» **Required work**
The answer must consist solely of the lines from the opening line of the entries through the line with "Coki Pardede from", transcribed exactly and without any pictures.

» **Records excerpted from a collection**

......

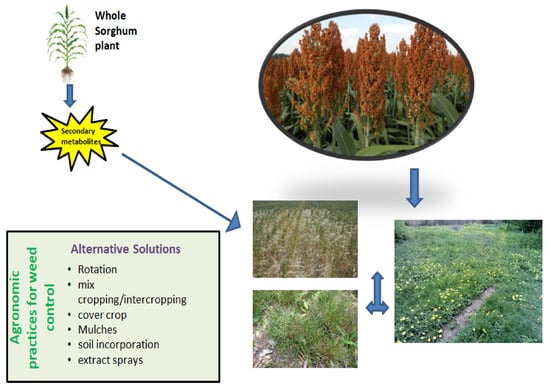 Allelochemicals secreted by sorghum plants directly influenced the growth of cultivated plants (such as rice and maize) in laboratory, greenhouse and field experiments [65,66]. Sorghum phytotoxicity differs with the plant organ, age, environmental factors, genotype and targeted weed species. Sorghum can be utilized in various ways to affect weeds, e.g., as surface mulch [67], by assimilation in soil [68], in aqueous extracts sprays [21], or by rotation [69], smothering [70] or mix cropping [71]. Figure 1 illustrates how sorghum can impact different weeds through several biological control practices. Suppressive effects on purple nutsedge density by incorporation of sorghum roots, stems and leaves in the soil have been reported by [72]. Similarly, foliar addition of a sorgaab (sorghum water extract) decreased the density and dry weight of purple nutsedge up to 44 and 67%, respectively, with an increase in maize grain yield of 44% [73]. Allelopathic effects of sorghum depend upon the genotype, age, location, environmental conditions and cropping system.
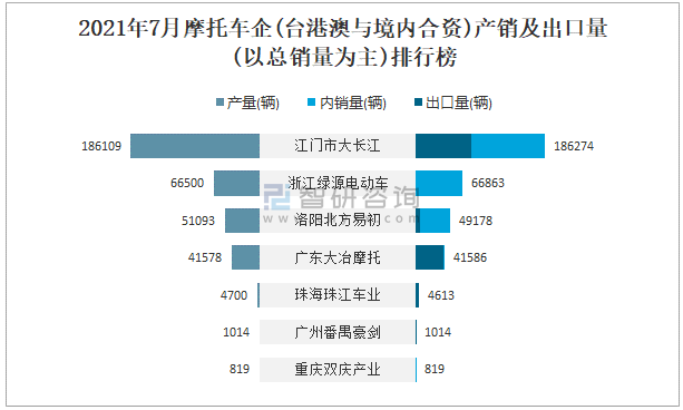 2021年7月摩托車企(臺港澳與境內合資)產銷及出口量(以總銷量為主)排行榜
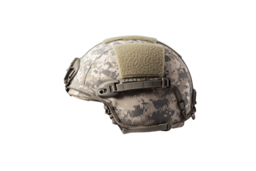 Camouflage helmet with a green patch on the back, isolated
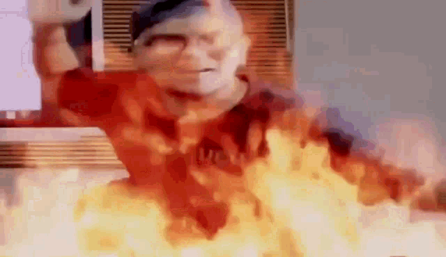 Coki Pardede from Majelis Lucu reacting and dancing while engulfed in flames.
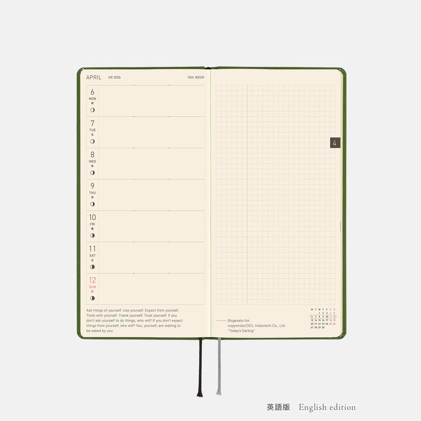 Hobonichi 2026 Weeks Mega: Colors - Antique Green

......

» **Result of the task**
 Allelochemicals secreted by sorghum plants directly influenced the growth of cultivated plants (such as rice and maize) in laboratory, greenhouse and field experiments [65,66]. Sorghum phytotoxicity differs with the plant organ, age, environmental factors, genotype and targeted weed species. Sorghum can be utilized in various ways to affect weeds, e.g., as surface mulch [67], by assimilation in soil [68], in aqueous extracts sprays [21], or by rotation [69], smothering [70] or mix cropping [71]. Figure 1 illustrates how sorghum can impact different weeds through several biological control practices. Suppressive effects on purple nutsedge density by incorporation of sorghum roots, stems and leaves in the soil have been reported by [72]. Similarly, foliar addition of a sorgaab (sorghum water extract) decreased the density and dry weight of purple nutsedge up to 44 and 67%, respectively, with an increase in maize grain yield of 44% [73]. Allelopathic effects of sorghum depend upon the genotype, age, location, environmental conditions and cropping system.
 2021年7月摩托車企(臺港澳與境內合資)產銷及出口量(以總銷量為主)排行榜
 Camouflage helmet with a green patch on the back, isolated
 Coki Pardede from Majelis Lucu reacting and dancing while engulfed in flames.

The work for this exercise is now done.